Cari lettori di Thriller storici e dintorni, vi portiamo in un luogo che oggi è abbandonato o comunque di difficile accesso se non interdetto, ma che in passato è stato teatro di grandi fatti storici e dove sono passati personaggi che con la Storia hanno avuto a che fare.
Andiamo in Sud America e precisamente nella Guyana Francese.
Ci addentriamo nell’Île du Diable, che insieme a Île Royale, Île Saint-Joseph compongono l’arcipelago Îles du Salut.
Tutto l’arcipelago fu l’esempio del fallimento coloniale francese: utilizzato come colonia agraria, divenne una tomba per migliaia di persone: nel giro di due anni dall’insediamento oltre 10.000 dei 12.000 coloni morirono di febbre gialla, dissenteria e altre malattie tropicali; le forti correnti marine impedivano od ostacolavano i collegamenti con il continente, rendendo così impossibile il rifornire l’isola di medicinali.
L’isola del Diavolo
L’Isola del Diavolo è la più piccola tra queste tre, impossibile da visitare – la si può sorvolare solo in elicottero e accontentarsi di vederla dall’alto – ma mantiene inalterata la sua sinistra fama.

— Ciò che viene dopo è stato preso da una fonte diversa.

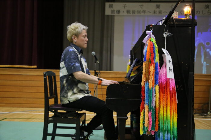 矢川光則さんをお招きし、「被爆ピアノ」の活動映像の視聴と講話を行いました。講話後には、本校卒業生でピアニストとして活躍されている川代祥治さんによる被爆ピアノの演奏が行われました。今回は在校生とのコラボレーションを交え、演奏を披露してくださりました。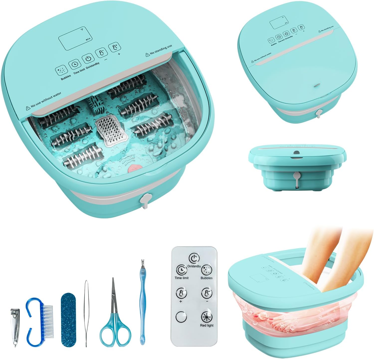 Pedicure Foot Spa with Bubble and Heat,Collapsible Foot Soaking Tub with Remote Control,Pedicure Tools for Feet,Foot Bath Soak Tub Gift for Women/Men,Mom/Dad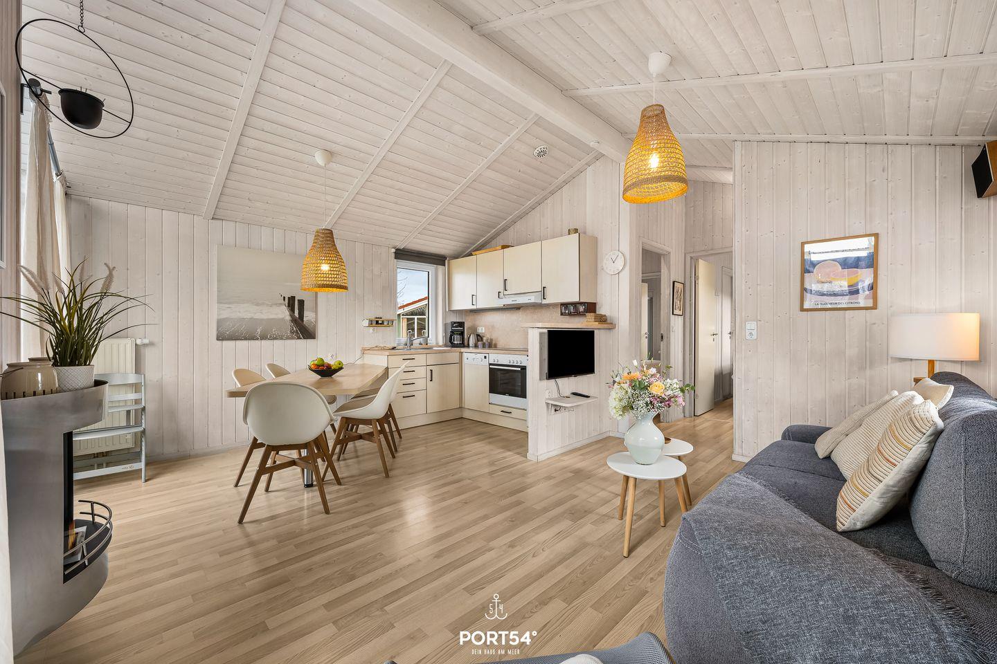 Das komfortable Ferienhaus Lykkehus in Grömitz liegt nur 250 m vom Ostseestrand entfernt und bietet modernes Wohnen auf 52 m².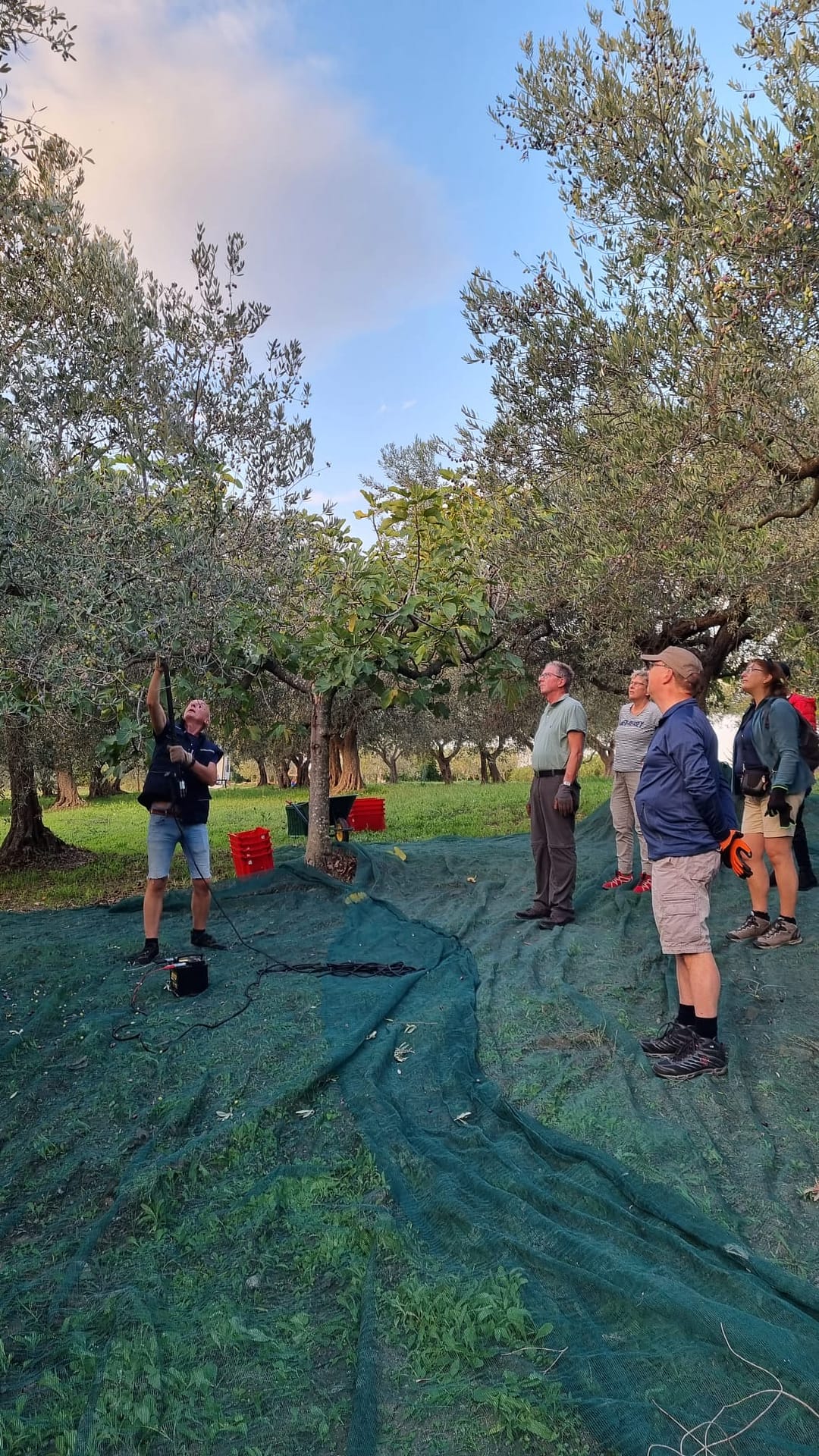 De sterken onder ons wisselen af met de elektrische harken, waarmee de olijven uit de bomen worden geschud. Heel bevredigend is het als je bij een volle boom honderden olijven naar beneden ziet komen.
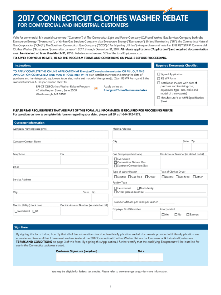 2017 CONNECTICUT CLOTHES WASHER REBATE FOR COMMERCIAL AND INDUSTRIAL CUSTOMERSValid for commercial & industrial customers (Customer) of The Connecticut Light and Power Company (CLP) and Yankee Gas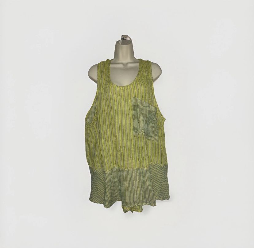 Xl Set Short Tank top Chartreuse Striped Sheer Cotton Breathable Free People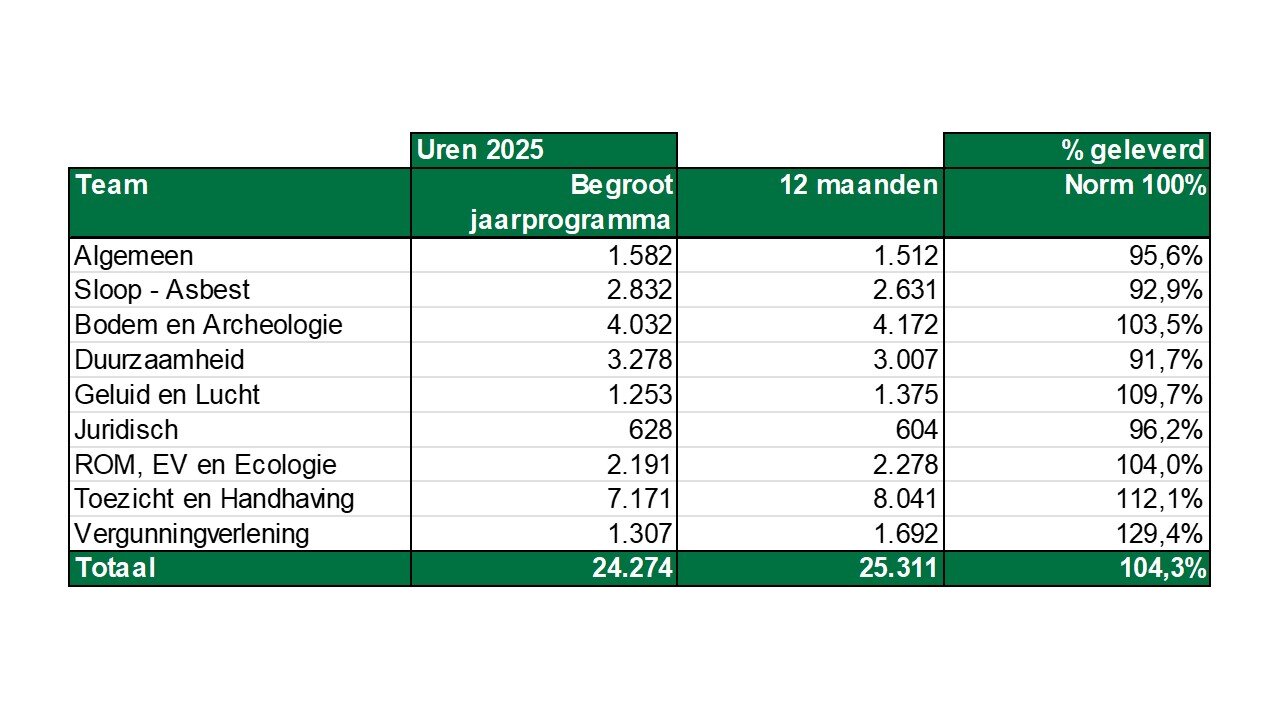 De gerapporteerde realisatiecijfers geven inzicht in de begrote en gerealiseerde uren over het jaar 2025. Naast de uren in absolute aantallen, treft u ook de verhouding tussen beide aan in procenten. Voor het gehele jaar 2025 is een realisatie van 100% gewenst.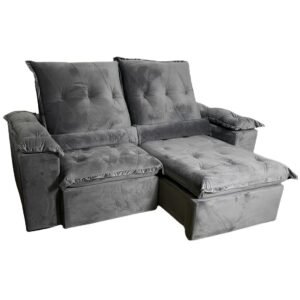 Sofá Retrátil e Reclinável Londrina 2,30 Veludo Cinza Grafite – IMPÉRIO ESTOFADOS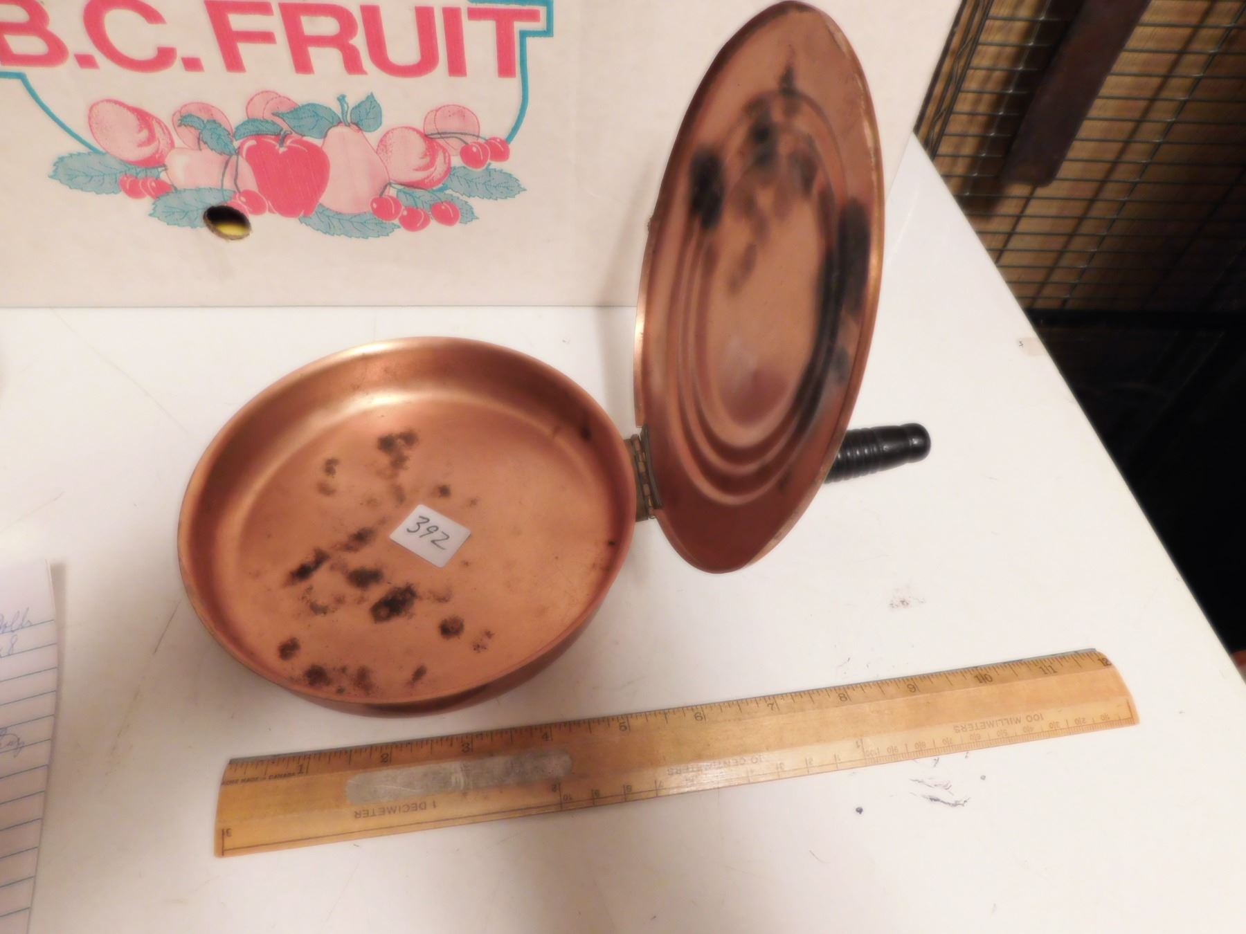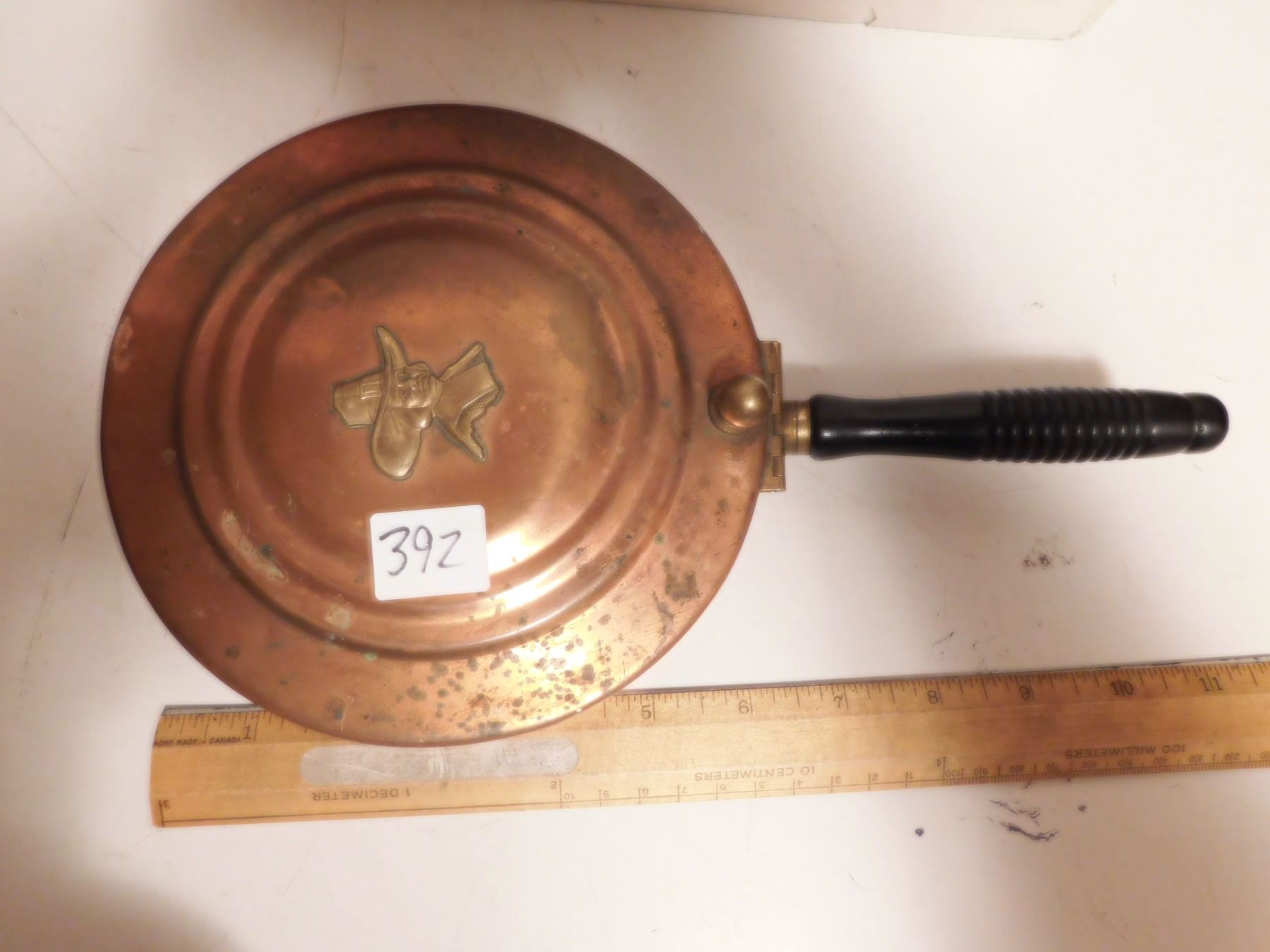 VINTAGE SMALL QUAKER HEADED COPPER BED WARMER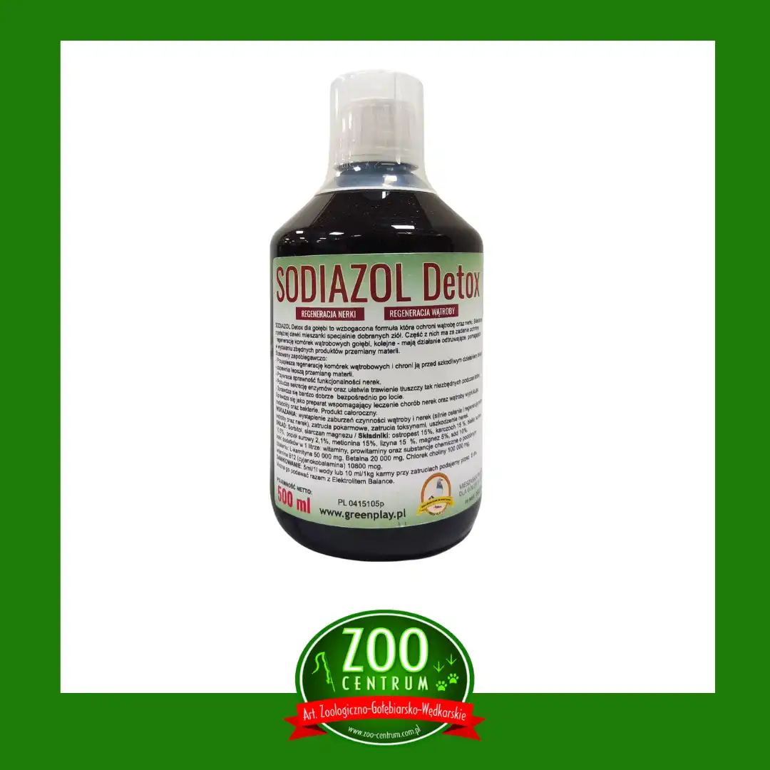 SODIAZOL Detox dla gołębi to wzbogacona formuła która ochroni wątrobę oraz nerki. Składa się z potężnej dawki mieszanki specjalnie dobranych ziół. Część z nich ma za zadanie ochronę i regenerację komórek wątrobowych gołębi, kolejne – mają działanie odtruwające, pomagające w wydalaniu zbędnych produktów przemiany materii.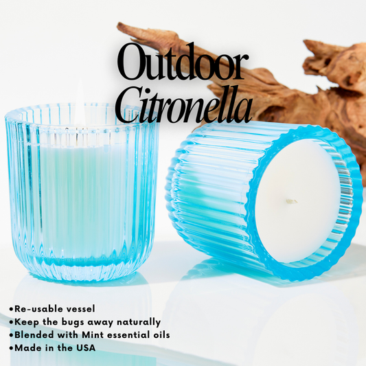 Seaside Citronella 1 Wick Blue Glass Candle 8oz Ctn.6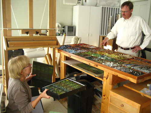 Barry Van Dusen (left) ponders the latest plein air canvas by Jim Coe (right)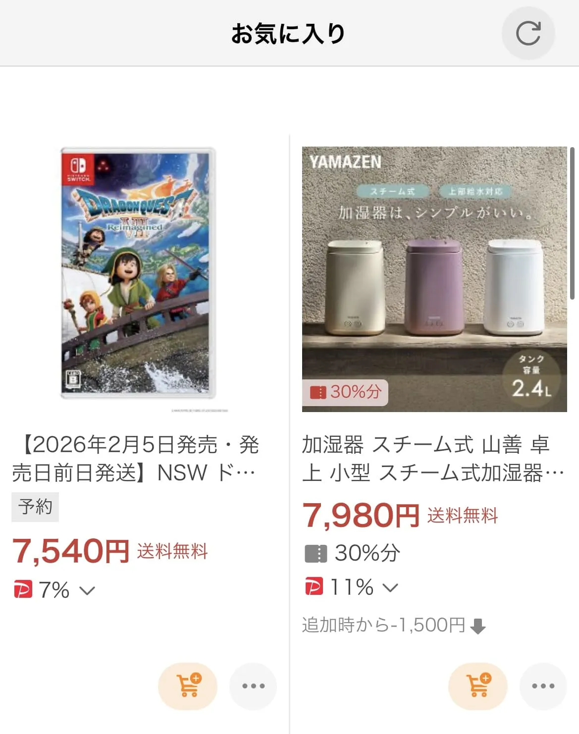 対象の商品をお気に入りにおけば簡単に、現在のポイント還元率が確認できます。
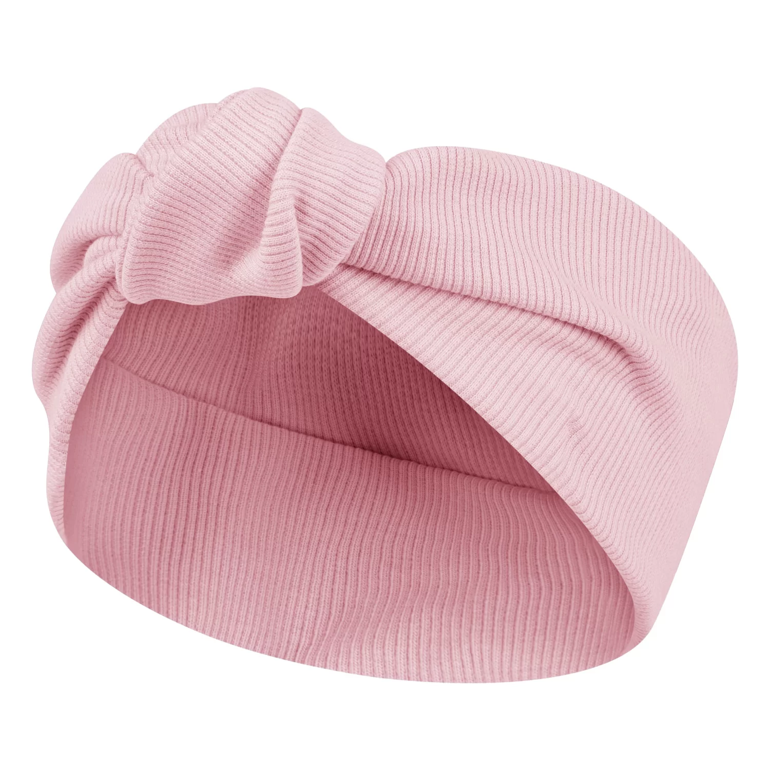 Opaska z dzianiny prążek z duża kokardą, która można samemu zawiązać.

Il nome di Isola del Diavolo venne dato nel 1763 dal governatore francese che si ispirò alle dicerie degli indigeni che credevano fosse abitata da uno spirito maligno. L’altissimo tasso di mortalità che si registrò in questa colonia francese (contrariamente al nome stesso dell’Arcipelago che, a quanto pare, di salutare non aveva proprio nulla!) rafforzò la diceria o la leggenda o l’idea che l’isola fosse maledetta. E secondo gli storici fu anche per questo che nel 1852 Napoleone III decise di trasformare l’isola in luogo di esilio, ed è rimasta tale fino al 1938.
Divenne luogo di sofferenza e di morte per oppositori politici, assassini, rivoltosi, spie e persone scomode che ben sapevano che una volta raggiunta l’isola le probabilità di uscirne vive erano pressoché nulle.
Il 30 maggio 1854 venne approvata una legge secondo la quale i detenuti dovevano restare nella Guyana Francese, dopo il loro rilascio, per un tempo uguale a quello passato ai lavori forzati; per coloro che avevano scontato pene superiori agli otto anni, la legge prevedeva che vi sarebbero dovuti rimanere per il resto della loro vita.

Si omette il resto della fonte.